Pakistan economy is based on agriculture. Agriculture contributes 23.3% to GDP, employs 42% of the country’s workforce. To fulfill the need and to strengthen the economy of Pakistan, SMEDA focuses on large scale industrialization. The major large scale industry includes textiles, sugar, food and beverages, leather, paper,  paper board, chemical, basic metal and automobiles.

They constitute nearly 90% of all enterprises in Pakistan, employ about 80% of the non-agricultural labour force and contribute almost 40% towards the country’s Gross Domestic Product. According to the annual report of the Small and Medium Development Authority (SMEDA), there were about 1.7 million SMEs in Pakistan in 2013, employing about 15 million people.

SMEDA is not only an SME policy-advisory body for the government of Pakistan but also facilitates other stakeholders in addressing their SME development agendas.

It interacts with the stakeholders on a regular basis and collects first-hand information about their problems and needs. During this interaction, the issues are pointed out and prioritized. The important problems are selected for detailed working through which the projects or programs are identified.

SMEDA mainly work under the development of following projects

1. Regulations and policy level support

2. Institutional & networking support

3. Provision of Business Development Services to SMEs that includes Assistance in Raising Finance, Financial Advice, Project Identification, Business Plan Development, Technical Advice.

Marketing Advice (Branding, Labeling, Packaging, Distribution, Promotion, etc.)

So, the main role of SEMDA is to help small business by providing a regulatory environment for the businessmen and by giving professional advises in order to grow economically which also results in the development of a country’s GDP and economic development because SEMDA believes in giving solutions to the problems of SEMs, based on world’s information and knowledge through cross country’s analysis and experiences.

Characteristics OF SME

Not every small enterprise eventually grows to large scale some are operated on the small scale often serving a local community and generating just enough profit to take care of company owner’s and employee.

   Some of the characteristics of SME are as follow;

Lower Revenue and profitability

As the enterprise  is either on small or medium scale so the revenue is generally lower than that of large scale enterprises or depending on the type of business. The maximum revenue allowance for small business designation is set at $21.5 million per year.

     Lower revenue does not necessarily translate into lower profitability because some times small enterprise owns their own equipment or machineries which can helps them to keep the cost lower that expected which I term to extra profit than usual.

Few Employee’s

As the term SME refers to small and medium scale enterprises which mean that the numbers of employees are smaller as compared to the companies that operates on larger scale . As small enterprises are entirely run by single individual or small teams (partnership) so the small scale enterprise can often get away with employing  fewer employee depending on the type of business. Also there are limited resources so the number of employees required to perform task are limited.

Small Market Area

As SME comprises of mostly small and medium enterprises so that area or market covered by these sorts of enterprises are small as compared to the large scale enterprise. Since these business are done on small scale so their capability of matching the needs of market are low because of low resources and investment available for them to utilize so there is less market area to operate in for the business.

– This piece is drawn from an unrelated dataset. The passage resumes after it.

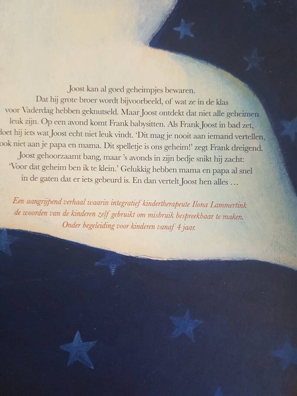 Joost kan al goed geheimpjes bewaren. Dat hij grote broer wordt bijvoorbeeld, of wat ze in de klas voor Vaderdag hebben geknutseld. Maar Joost ontdekt dat niet alle geheimen leuk zijn. Op een avond komt Frank babysitten. Als Frank Joost in bad zet, doet hij iets wat Joost echt niet leuk vindt. 'Dit mag je nooit aan iemand vertellen, ook niet aan je papa en mama. Dit spelletje is ons geheim!' zegt Frank dreigend. Joost gehoorzaamt bang, maar 's avonds in zijn bedje snikt hij zacht: 'Voor dat geheim ben ik te klein.' Gelukkig hebben mama en papa al snel in de gaten dat er iets gebeurd is. En dan vertelt Joost hen alles ...

Sole Proprietorship or Partnership Ownership

The corporate business form  is not well suited to small business scale enterprises so instead small and medium scale enterprise prefer to organize as a sole proprietorship, partnerships or limited liability companies.

   These form of enterprises provide the greater degree of managerial control for enterprise owner while minimizing the hassle and expense of business organization. These helps them to quickly make the decision and to quickly adapt the situation.

Fewer Locations

As Term SME refers to small and medium scale enterprises so its clear by the phrase that this business are limited because of their scarce resources so it can be found in limited areas as compared to the large scale of businesses whose chains are found in all over the world. As small business ay be supervised from a single office or more than one office from a particular region or location. Most of the time SME are limited to one particular region or territory from where they initiated their business because of its small scale nature so it comprises of fewer locations.


Most small and medium enterprises are concentrated in a small product and services or they have specialty in producing particular product or service. This limited approach allows these companies to establish strong relationship with its business partners which in turn provides stability for small and medium sized business. And can also have smooth relation with customers they are serving.

They only change their products and services according to customers need. The only downside In SME would be that if the relationship between its partner kind of a suffer the whole process will get disturbed and it may suffer financially if its relation ends in partnership.


A business of small and medium sized enterprise comprises of infrastructure that allow it to be simple and flexible and can make changes into its set quickly so the business is not that complicated in its operation just like the large scale corporations.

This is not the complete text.